## SUPPLIED INFORMATION:
* * * * * * * * *

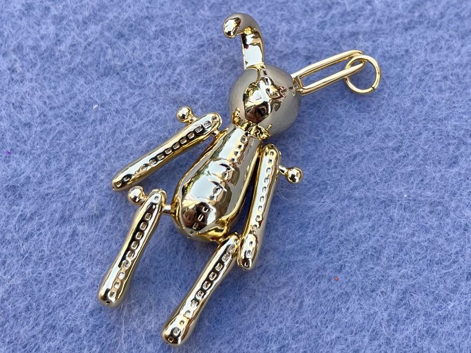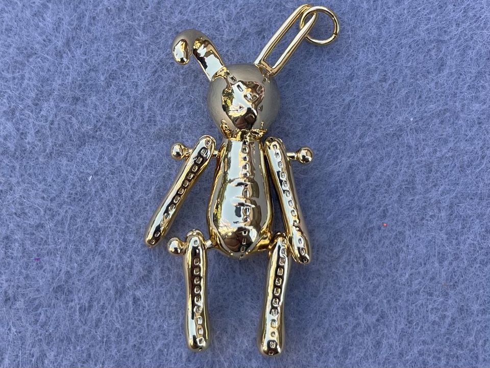 Кулон "Кролик"-Мілано класу люкс (MILANO LUX), з латуні з родієвим покриттям. З лапами, що рухаються. Колір золото. Розміри 20*45 мм. Ціна за 1 штуку. Ідеально підійде для ланцюгів на шию.
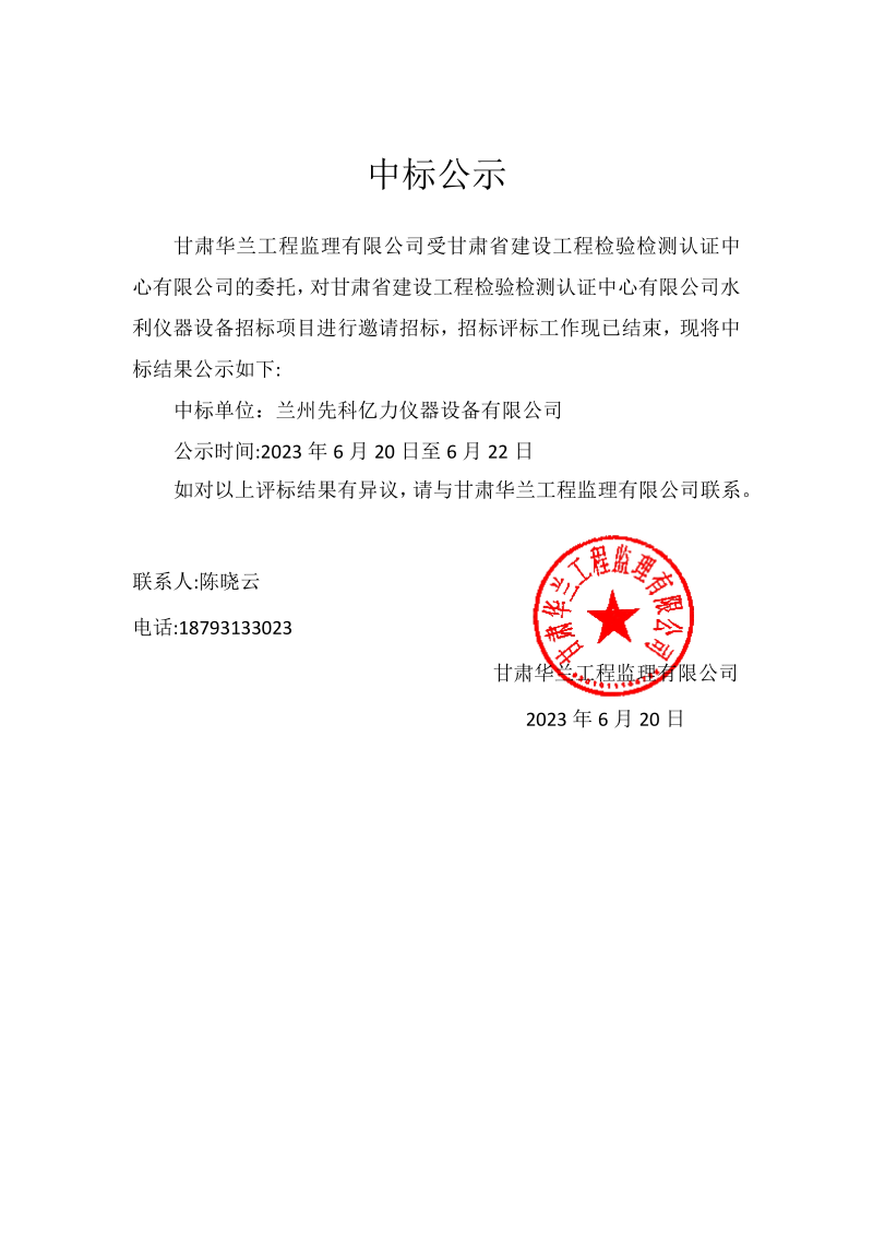 甘肅省建設(shè)工程檢驗(yàn)檢測認(rèn)證中心有限公司水利儀器設(shè)備招標(biāo)項目中標(biāo)公示
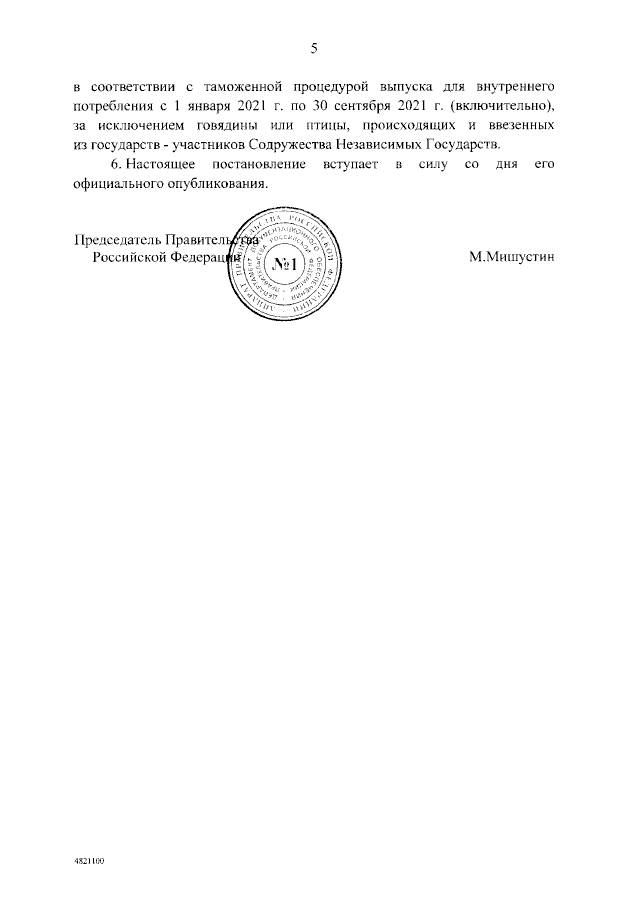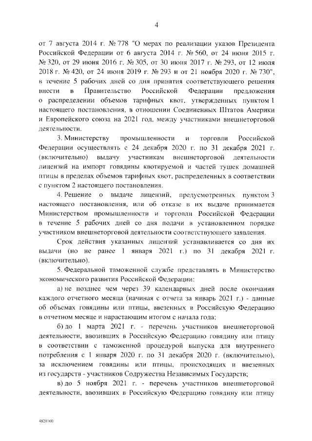 3. Министерству промышленности и торговли Российской Федерации осуществлять с 24 декабря 2020 г. по 31 декабря 2021 г. (включительно) выдачу участникам внешнеторговой деятельности лицензий на импорт говядины квотируемой и частей тушек домашней птицы в пределах объемов тарифных квот, распределенных в соответствии с пунктом 2 настоящего постановления.
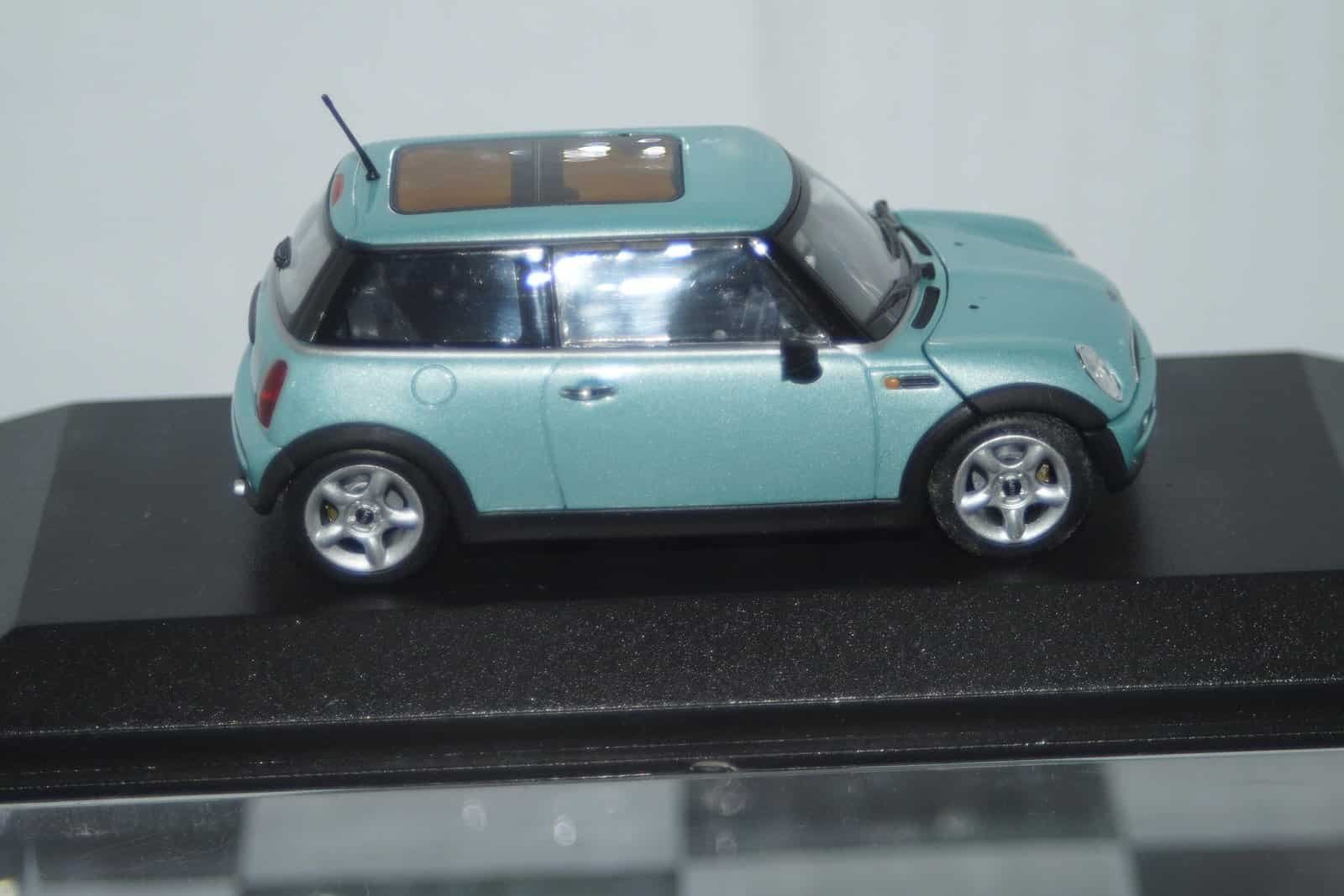 This Model Car is a collectors replica of an BMW Mini One (dealer edition) in Pearlescent Green/Blue

* * * * * * * * *

## TASK TO COMPLETE:
Could you copy, exactly and with no pictures, each line from the first one above to the line holding "甘肅省建設(shè)工程檢驗"?

## ANSWER TO THE PROBLEM:
 Кулон "Кролик"-Мілано класу люкс (MILANO LUX), з латуні з родієвим покриттям. З лапами, що рухаються. Колір золото. Розміри 20*45 мм. Ціна за 1 штуку. Ідеально підійде для ланцюгів на шию.
 甘肅省建設(shè)工程檢驗(yàn)檢測認(rèn)證中心有限公司水利儀器設(shè)備招標(biāo)項目中標(biāo)公示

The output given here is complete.